I love breakfast dinner, or brinner as the cool kids call it. I love pancakes and syrup and blueberry topping and bacon and sausage and scrambled eggs and eggs over easy and … Stop it. I know I can’t eat all of this, at least not without my emergency contact nearby. But, I still crave breakfast for dinner. And, I want my brinner to be tasty, not just diabetic friendly. So, instead of salivating while the hubs and boy devour the bacon and pancakes (that I made for Lawd’s sake), I’ve designed a diabetic-friendly breakfast dinner menu that I can savor.

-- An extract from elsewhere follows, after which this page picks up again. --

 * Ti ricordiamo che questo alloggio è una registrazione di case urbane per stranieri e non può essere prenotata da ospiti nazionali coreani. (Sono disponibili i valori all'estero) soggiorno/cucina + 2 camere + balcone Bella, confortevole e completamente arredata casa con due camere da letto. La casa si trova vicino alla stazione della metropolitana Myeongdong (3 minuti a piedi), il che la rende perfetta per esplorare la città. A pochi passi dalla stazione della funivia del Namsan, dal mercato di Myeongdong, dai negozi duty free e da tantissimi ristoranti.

The menu for a diabetic-friendly breakfast for dinner:
This menu involves two recipes. The first, Low-carb Pancakes, is by Keven Curry of FitMenCook.com, and the second is from the Onie Project—a delicious garden veggie frittata. Pair these recipes for a delicious diabetic-friendly breakfast dinner.
Recipe #1: Low-carb pancakes
I love that Kevin gives healthy swaps in this recipe and that all the ingredients are regularly available at grocery stores or online. No need to traipse all over town searching for health food stores and specialty markets. Nobody has time for that nonsense.

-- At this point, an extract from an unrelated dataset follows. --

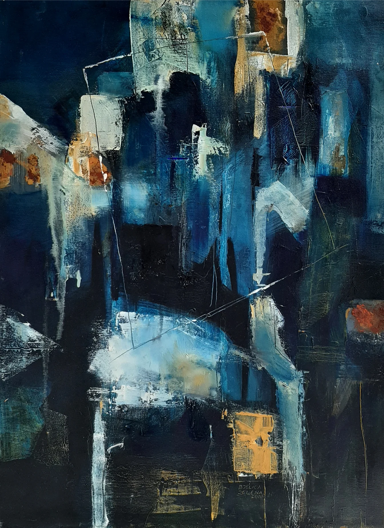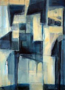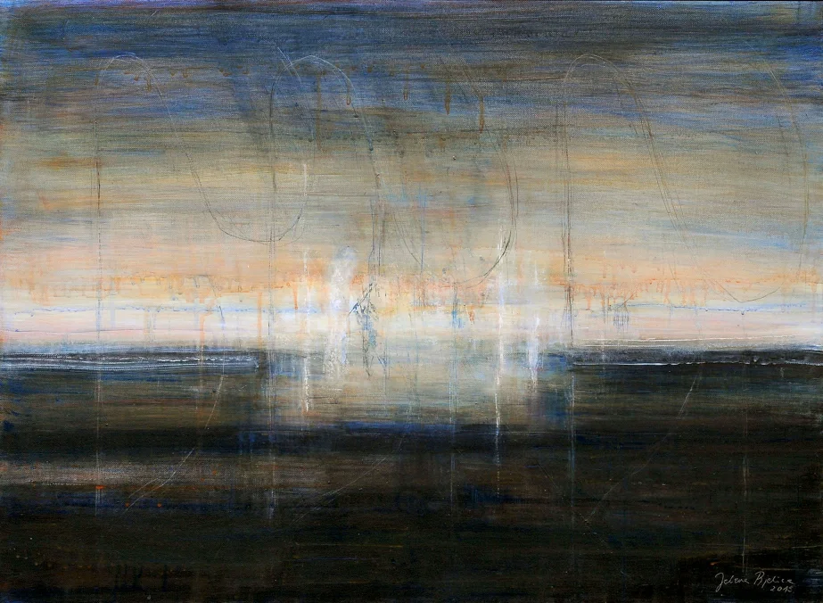 Apstraktne kompozicije predstavljene na ovoj izložbi nisu bezsemeni plod ekskluzivne intelektualne analize naučenog. Svest o postmodernom pravu da umetnik nađeno ili zatečeno, uz intervenciju, proglasi umetničkim delom ili činom nije bez odgovornosti. U svemu tome nazire se jedan ozbiljan duhovni i mentalni proces artikulisan ne samo kroz izbor elemenata koji postoji i kao graničnik i kao posrednik. On u Jeleninom angažmanu odvaja stvarnosno od izmaštanog. Naznačuje izbor od mogućih oblika delovanja u daljem stvaralačkom procesu.

Nutritional Value for a short stack (3 pancakes):
- calories 349
- fat 17g
- carbs 23g
- fiber 13g
- protein 19g
So, you could always just scramble up some eggs to go along with these fluffy pancakes. But, if you want to up the yummy factor and the nutritional value of this meal, making it truly fit in a Diabetic Exchange Diet, make a frittata. Frittatas, for those of you unfamiliar, are easy, Italian style omelettes. No flipping required! Mix any combination of vegetables and cheese (if you want cheese) with eggs and pop it in the oven. Yes, frittatas are that simple.
Now, as I said, frittatas can be made with any combination of veggies, but my favorite frittata is the garden veggie frittata from the Onie Project. And, I know I can trust the Onie Project’s recipes because their singular focus is to help keep us healthy.

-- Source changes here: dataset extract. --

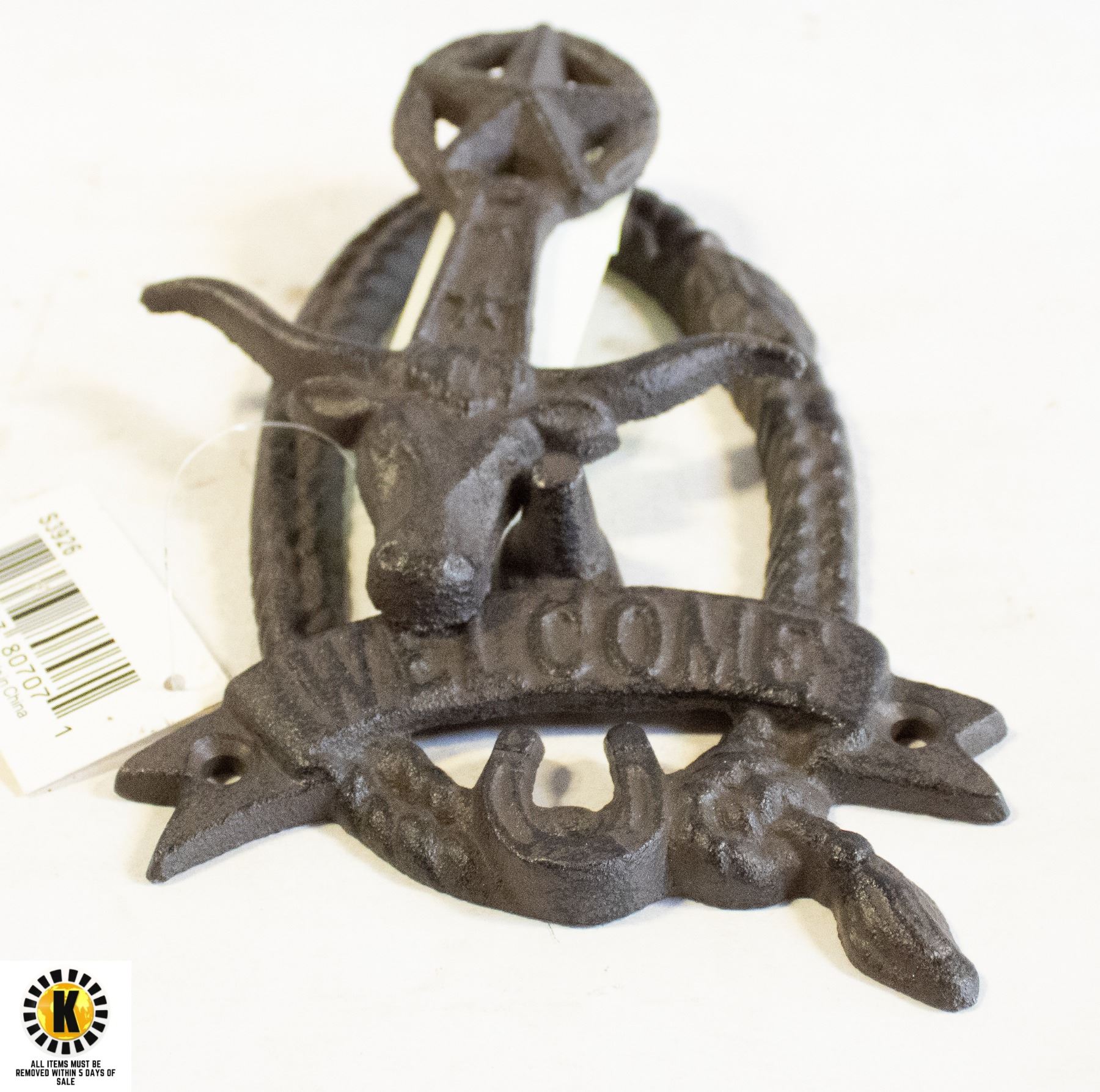 NEW CAST IRON DOOR KNOCKER - LONGHORN

Recipe #2: Garden Veggie Frittata from the Onie Project.
Find the full recipe here.
- 8 large eggs
- 1/2 cup 1% low-fat milk
- 1 tsp black pepper
- 1 Tbsp fresh thyme
- 1 Tbsp fresh oregano
- 1 cup crumbled feta cheese
- 1 Tbsp canola oil
- 1 medium zucchini, cut into half moons
- 1 sweet potato, diced
- 1 medium tomato, thinly sliced
- 1 cup shredded part-skim mozzarella cheese
- Preheat oven to 400°F.
- In a large bowl, whisk together eggs, milk pepper, thyme & oregano. Stir in cheese & set aside.
- In a large skillet, heat oil over medium. Add zucchini, sweet potato & tomato. Sauté 3-4 minutes or until slightly fork-tender.
- Place vegetables in a glass baking dish & spread evenly. Pour egg mixture over vegetables & top with mozzarella.Bake 15-20 minutes or until frittata is set. To check, insert a knife into middle. If ready, it will come out clean.
Nutritional Information for one slice of frittata (1/8 of a recipe)
- calories 210
- fat 14g
- carbs 8
- fiber 1
- protein 14
Tip #1: Serve blueberry topping with the pancakes instead of low-calorie syrup. Simply pop a cup of blueberries in the microwave for 30 seconds. The berries will burst into a yummy, hot topping for your pancakes.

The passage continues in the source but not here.